In this study, we tested the performance of ensemble classifiers, classification using feature selection, and the combination of both on spam review detection. We evaluated the performance of Select-Boost and Select-Bagging against Random Forest, feature selection, Boosting and Bagging. Select-Boost and Select-Bagging were employed with five learners, three feature selection techniques, and subset sizes ranging from 100 to 1000 in increments of 100. Random Forest was done using three tree sizes: 100, 250 and 500. Ten feature selection techniques were used with subset sizes ranging from 100 to 20,000. The effects of ensemble classifiers on spam review detection had previously not been explored. As spam reviews make up more than a third of all online reviews, the exploration of advanced machine learning techniques, to further current methods for the detection of spam reviews, becomes increasingly necessary.

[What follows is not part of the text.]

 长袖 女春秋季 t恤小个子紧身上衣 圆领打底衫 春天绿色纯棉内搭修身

Our results show that feature selection has degradative effects on classification performance when compared to using the full feature set. The performance of the model steadily increases as feature set size increases, although this increase is no longer significant above 900 features when using word frequency. Ensemble techniques, without feature selection, had no significant effect on classification performance for spam detection. However, using Select-Boost, a combination of feature selection and boosting, significantly increased classification performance. Select-Boost significantly outperformed the base MNB classifier, Boosting, Bagging, Select-Bagging, RF100, and RF250. Select-Boost provides a higher AUC value than all other learners; however, the difference between Select-Boost and RF500 was not significant.

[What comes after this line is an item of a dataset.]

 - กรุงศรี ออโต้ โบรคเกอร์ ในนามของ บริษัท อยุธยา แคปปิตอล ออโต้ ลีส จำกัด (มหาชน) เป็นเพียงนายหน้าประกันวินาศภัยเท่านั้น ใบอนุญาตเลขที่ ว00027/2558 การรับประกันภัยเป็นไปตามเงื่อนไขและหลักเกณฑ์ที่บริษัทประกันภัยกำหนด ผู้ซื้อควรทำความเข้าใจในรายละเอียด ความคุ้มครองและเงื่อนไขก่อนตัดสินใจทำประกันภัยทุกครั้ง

We recommend the use of Select-Boost over Select-Bagging. The re-weighting step in Select-Boost is crucial in generating an optimized, reduced feature set, allowing for significantly better performance, since each iteration selects a new subset of features that aid in the correct classification of previously misclassified instances. Select-Boost should be chosen over RF500 as it results in a higher AUC, although not significantly different, and is faster. We found using the combination of Select-Boost, multinomial naïve Bayes, Chi-squared and a subset size of 400 has the highest AUC when detecting spam reviews, although Chi-Squared and Signal-to-Noise may be interchanged. There is no significant difference in performance between feature subset sizes when using feature selection within Select-Boost, thus, while the highest AUC is observed when selecting 400 features, computational resources can be preserved by using a smaller number of features without significantly degrading classification performance.

Future work may involve testing this process on other data sets to see if results generalize. Additionally, work should be conducted to establish what types of features are the most beneficial, since we only employed text-based features.